_Data shown_.
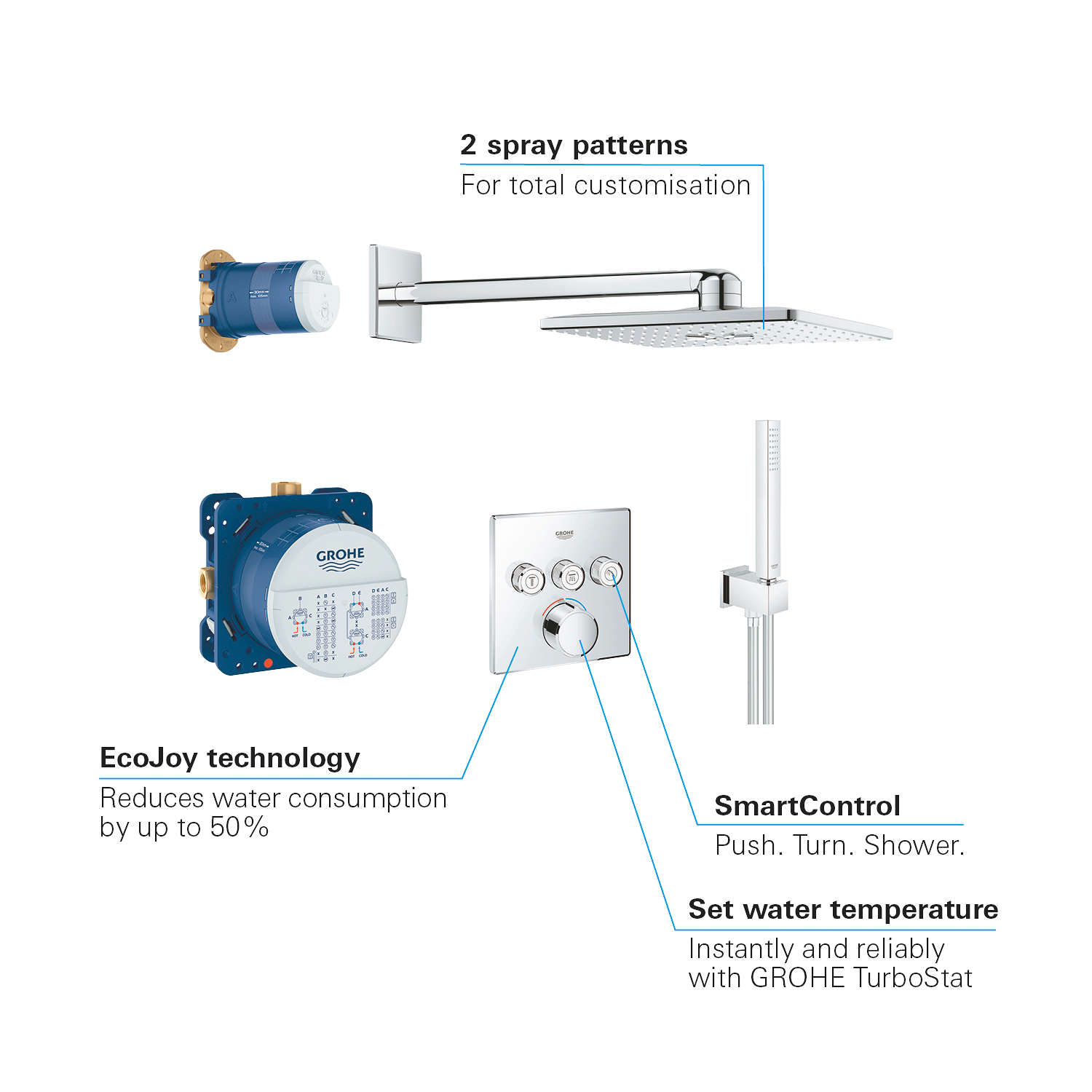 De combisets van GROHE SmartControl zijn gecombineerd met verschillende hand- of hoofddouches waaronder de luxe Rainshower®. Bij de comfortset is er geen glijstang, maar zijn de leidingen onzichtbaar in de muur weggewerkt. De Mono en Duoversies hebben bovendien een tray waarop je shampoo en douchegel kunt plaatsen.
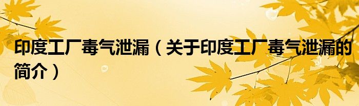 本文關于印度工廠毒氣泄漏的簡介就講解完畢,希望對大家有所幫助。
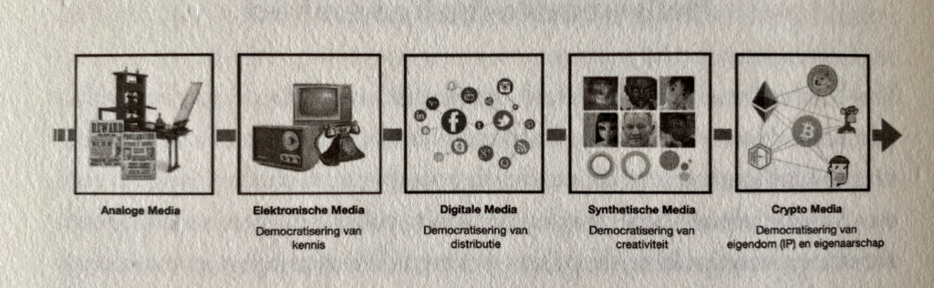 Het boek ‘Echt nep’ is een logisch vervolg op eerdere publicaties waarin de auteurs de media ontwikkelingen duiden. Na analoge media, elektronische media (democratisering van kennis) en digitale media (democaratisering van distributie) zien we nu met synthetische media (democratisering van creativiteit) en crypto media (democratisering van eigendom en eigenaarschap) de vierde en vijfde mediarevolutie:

---

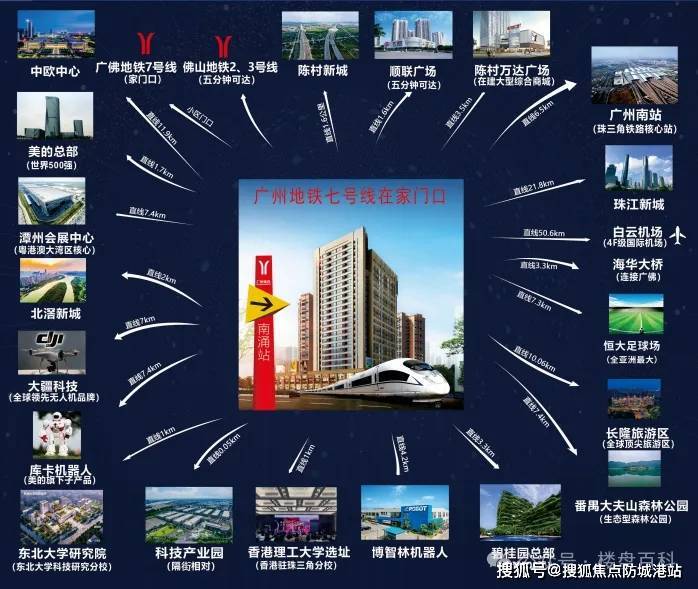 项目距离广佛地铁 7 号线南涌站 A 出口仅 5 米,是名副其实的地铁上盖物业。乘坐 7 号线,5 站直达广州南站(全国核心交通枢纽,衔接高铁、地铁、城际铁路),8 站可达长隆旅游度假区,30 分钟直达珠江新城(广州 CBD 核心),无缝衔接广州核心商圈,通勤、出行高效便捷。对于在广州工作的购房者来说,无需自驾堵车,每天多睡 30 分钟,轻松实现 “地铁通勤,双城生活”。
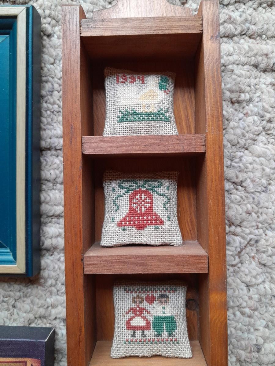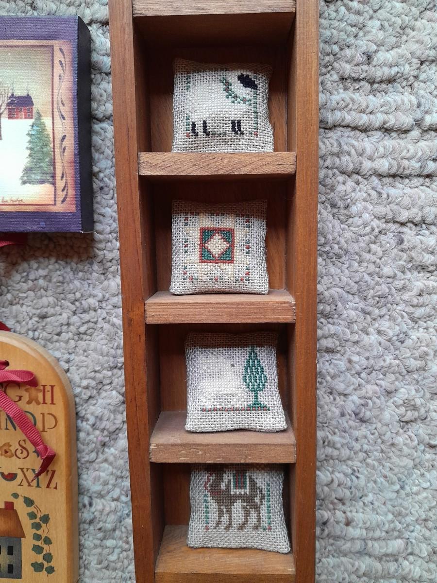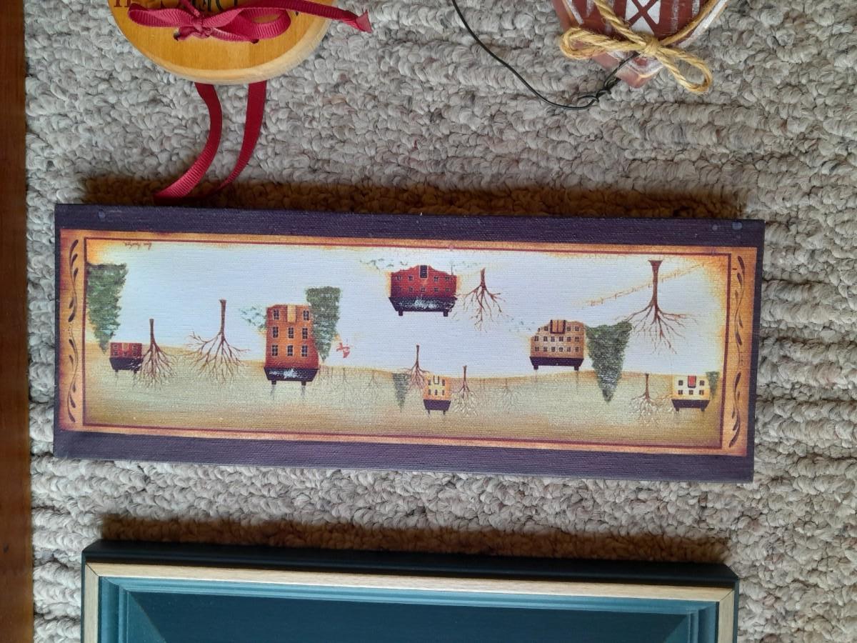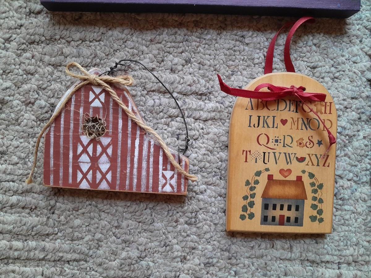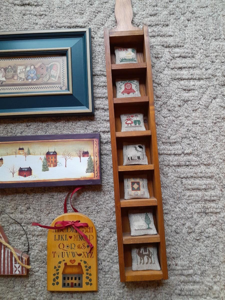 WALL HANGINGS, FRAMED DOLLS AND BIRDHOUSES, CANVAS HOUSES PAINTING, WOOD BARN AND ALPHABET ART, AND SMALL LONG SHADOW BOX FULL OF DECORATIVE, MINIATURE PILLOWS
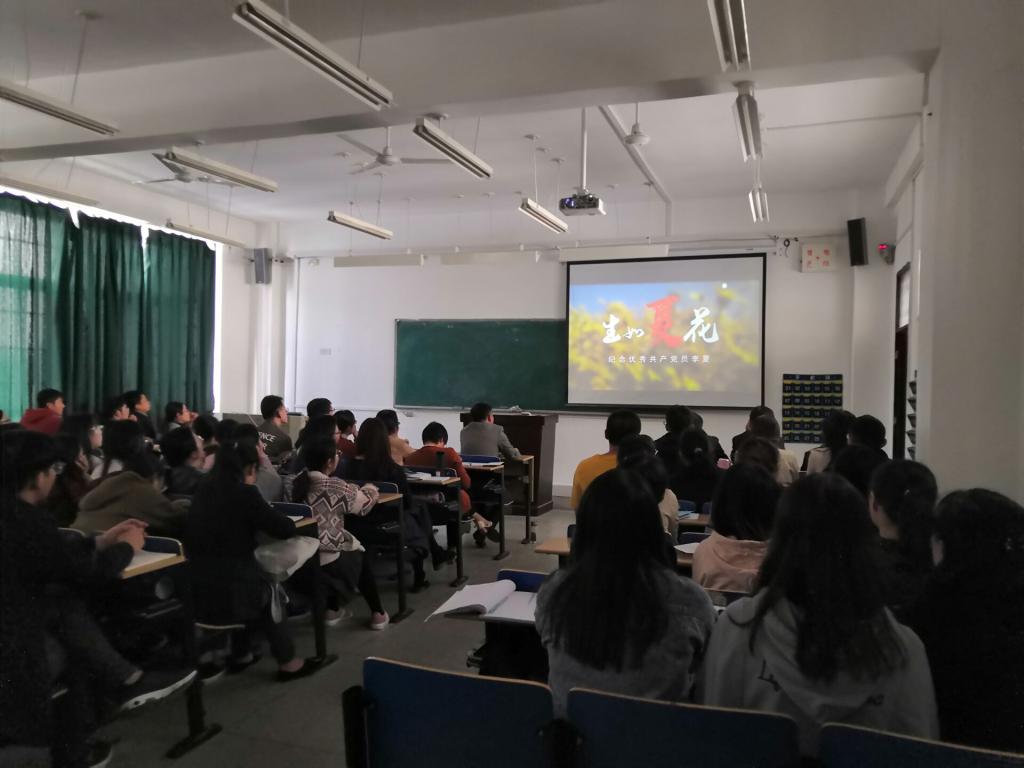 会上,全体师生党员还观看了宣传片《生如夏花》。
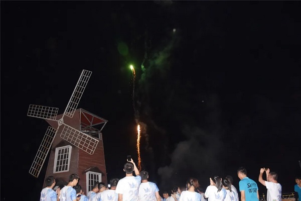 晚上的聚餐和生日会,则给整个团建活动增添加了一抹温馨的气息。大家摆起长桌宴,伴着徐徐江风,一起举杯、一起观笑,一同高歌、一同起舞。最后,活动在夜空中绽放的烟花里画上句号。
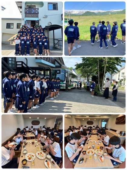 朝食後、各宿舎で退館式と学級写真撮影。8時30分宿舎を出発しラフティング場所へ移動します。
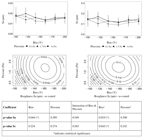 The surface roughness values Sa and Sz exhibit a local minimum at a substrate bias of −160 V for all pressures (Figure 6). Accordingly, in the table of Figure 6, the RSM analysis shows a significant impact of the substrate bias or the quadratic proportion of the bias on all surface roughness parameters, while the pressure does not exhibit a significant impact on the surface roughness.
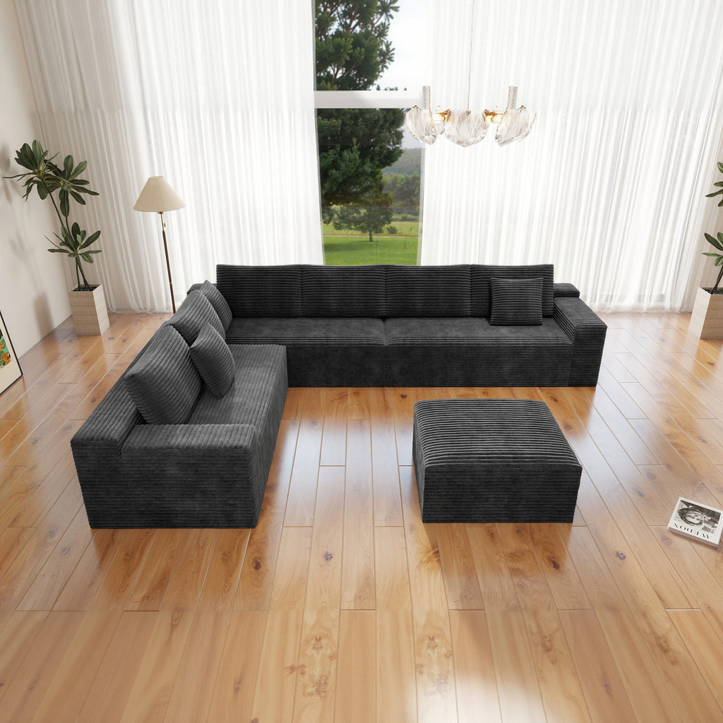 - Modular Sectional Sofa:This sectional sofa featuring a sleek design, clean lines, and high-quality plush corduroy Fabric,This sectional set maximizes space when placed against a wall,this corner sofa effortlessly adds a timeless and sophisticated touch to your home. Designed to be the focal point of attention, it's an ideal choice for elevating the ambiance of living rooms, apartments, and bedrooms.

_Work order_.
Nothing but the lines from the one with "De combisets van" up to and including the one with "Het boek ‘Echt" should be printed, exactly as they read above. Please keep the pictures out.

_Response below_.
 De combisets van GROHE SmartControl zijn gecombineerd met verschillende hand- of hoofddouches waaronder de luxe Rainshower®. Bij de comfortset is er geen glijstang, maar zijn de leidingen onzichtbaar in de muur weggewerkt. De Mono en Duoversies hebben bovendien een tray waarop je shampoo en douchegel kunt plaatsen.
 本文關于印度工廠毒氣泄漏的簡介就講解完畢,希望對大家有所幫助。
 Het boek ‘Echt nep’ is een logisch vervolg op eerdere publicaties waarin de auteurs de media ontwikkelingen duiden. Na analoge media, elektronische media (democratisering van kennis) en digitale media (democaratisering van distributie) zien we nu met synthetische media (democratisering van creativiteit) en crypto media (democratisering van eigendom en eigenaarschap) de vierde en vijfde mediarevolutie:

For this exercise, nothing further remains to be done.